You want it to be a drop, or you want it to fall at a faster rate.
But what you actually see here is that it's falling at a slower rate after than it was falling before in the 15 years prior to.
As John Lott points out, Today, the number of firearms in Australia exceeds the number of firearms that were available before the gun buyback program.
So one would expect gun crime to have gone up in Australia.
But that didn't happen.
A member of the Australian Parliament put it this way.
Australia's gun laws target the wrong people.
They target law-abiding sporting shooters.
And they do nothing to stop gun crime.
The government is not your boss, it's not your master.
If you think that you're safer when the only people in the community who have guns are the police, the military, security guards and criminals, then you've got a very strange idea of security.
So the bottom line is, despite the popularity of Australian-type bans and gun buybacks on the part of Democrats, there's no evidence whatsoever that the Australian gun buyback program had an effect on the already declining level of crime.

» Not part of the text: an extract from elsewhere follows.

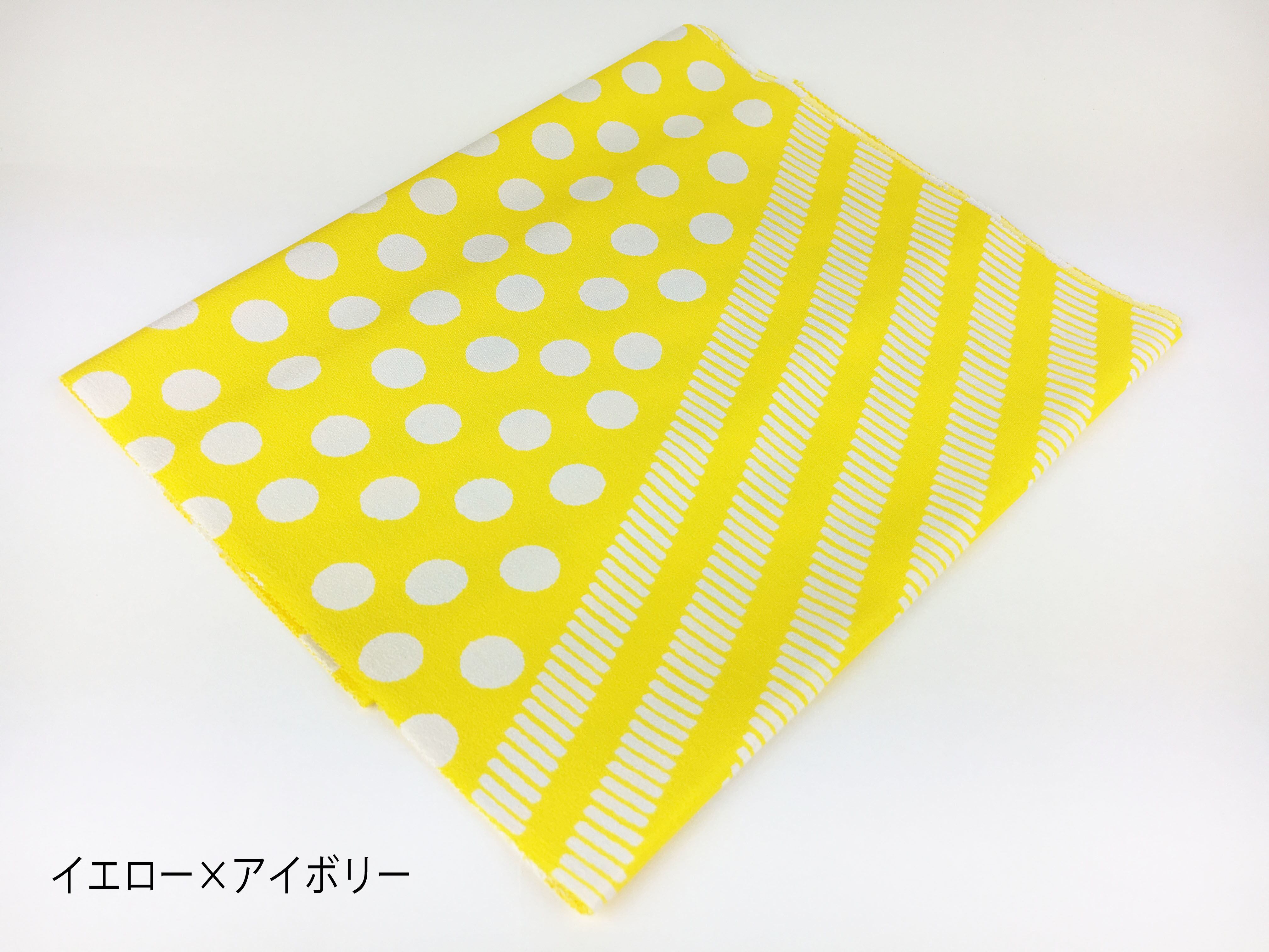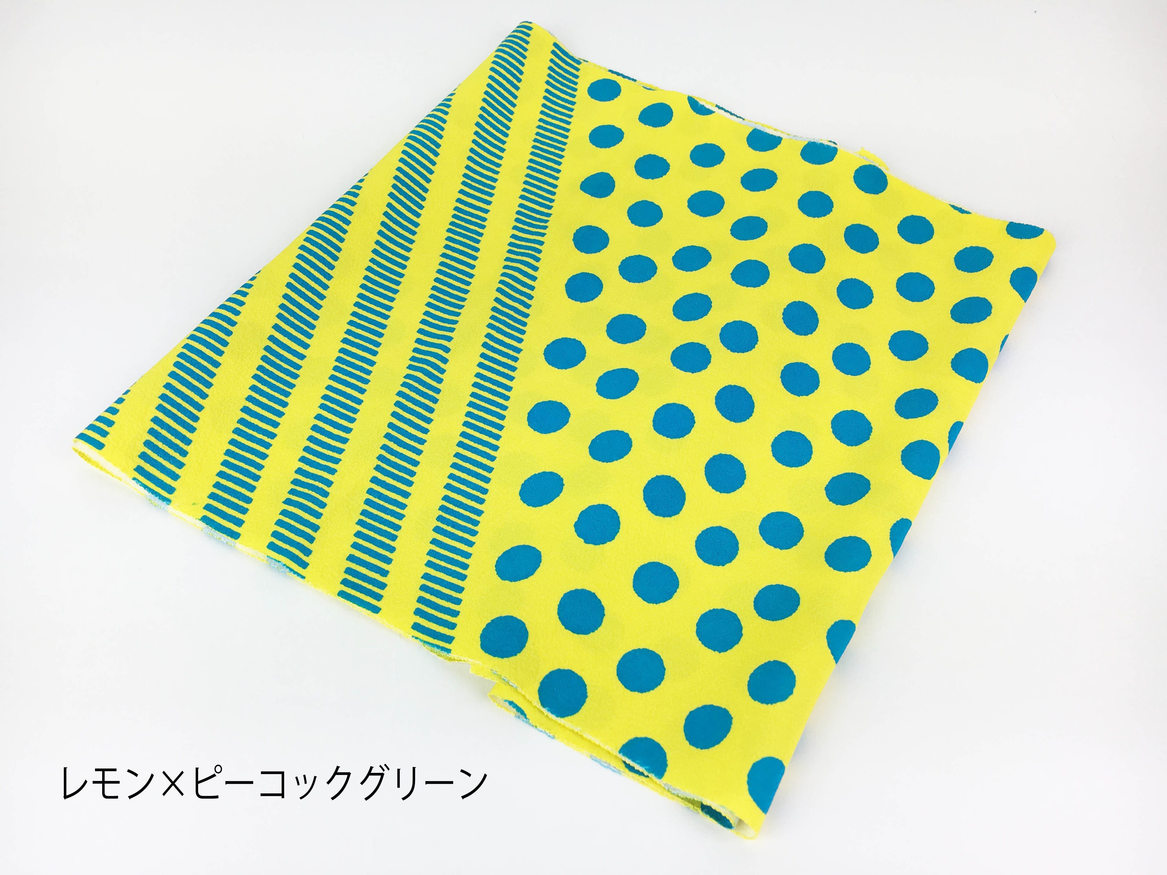 型染めで制作したミズタマとシマシマの柄帯揚げです。

We end on a somewhat less somber note.
Here's my question.
Why do wives outlive their husbands?
Here is a letter from a young lady who heard me do this many years ago.
Sent this lovely note.
She was a widow, and she said it was the first laugh she had received in years, and I was very grateful about this since her husband died.
At the bottom, she enclosed a little piece from a Reuter communique.
Would you read it?
This is from the newspapers.
Could you read what it says there?
It says, wife ends all.
Read it, please.
Mrs.
Vera Shermak of Prague, Czechoslovakia, on hearing that her husband was leaving her for another woman, threw herself from a third-story window to end it all.
Correct.
She was taken to a hospital and soon recovered.
Right.
Wait up the next!
She threw herself out of the third-story window to end it all.
Sure recovered.
Her husband, on whom she landed, was killed on the spot.
This threw us up out of the window and landed on the old man and he was wiped out.
Now that's it.
That's it.
I'm Larry Elder, and this has been the Larry Elder Show for Epic Time.